Sunset Boulevard is all about lost dreams, about the inevitable march of progress and of those who are left behind. It’s about the world we all see ourselves as inhabiting versus the harsh light of reality, of the extraordinary lengths we’ll each go to deny that reality and live within our cocoon, and even of the lengths others who love us will go to keep us safely in our delusions.
There are three characters in Sunset Boulevard and it’s their interaction that power this entire movie: the hack screenwriter Joe Gillis (played beautifully by William Holden) who can’t sell a script and is hiding out so that the bank won’t reposes his car, forgotten silent film star Norma Desmond (played brilliantly – and frighteningly – by Gloria Swanson in what is probably her best role) who lives in a run-down mansion with her servant and companion Max Von Mayerling (an interesting, albeit somewhat creepy role for the great character actor Erich von Stroheim).
In their own way, each of the three is living in their dream, their memory of a better day, pushing away anything that doesn’t jibe.
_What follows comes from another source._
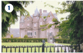
1 BLACK WATCH MUSEUM – The story of the oldest Highland regiment from its original raising as six independent companies in 1725 to the present day.

In times long ago, the Highlands were the strongholds of the Gaelic-speaking clans – a race apart from Lowland Scotland. The clan system, with its emphasis on loyalty and kinship to the clan chief, began to break down during the 18th century, as Scotland changed with the modern age. Eventually, leaving their homelands voluntarily or otherwise, clansfolk were scattered across the world, though many to this day still feel the call of Scotland.

Gillis is a cynical writer who gets sucked into a strange relationship with the far older Desmond, who, for her part, continues to play the role of Hollywood star even without an audience. When Gillis literally drops into her world (in an opening scene that sets the tone and light wry touch of the entire movie) she embraces him and slowly traps him in her world of faded lights, nostalgia and forgotten celebrities.
All the while Mayerling hovers around the scene, orchestrating as needed to ensure that Desmond can remain in her dream world even as reality increasingly forces its way into the story in ways that cannot be denied. When you realize who he was and how he and Desmond are connected, whole new layers of the film open up, like a trap door dropping out from under you, the viewer.
The ending is tragic and somehow inevitable, while, in so many ways, echoing the basic pretension of the entire film process (as Singing In The Rain, in a very different way, also offers up a dry commentary on Hollywood and the evolution of film from silent to talkies).
I have been careful not to spoil any of the many interesting and surprising twists in this movie, widely considered one of the very best ever made. 
Watch it and find out why.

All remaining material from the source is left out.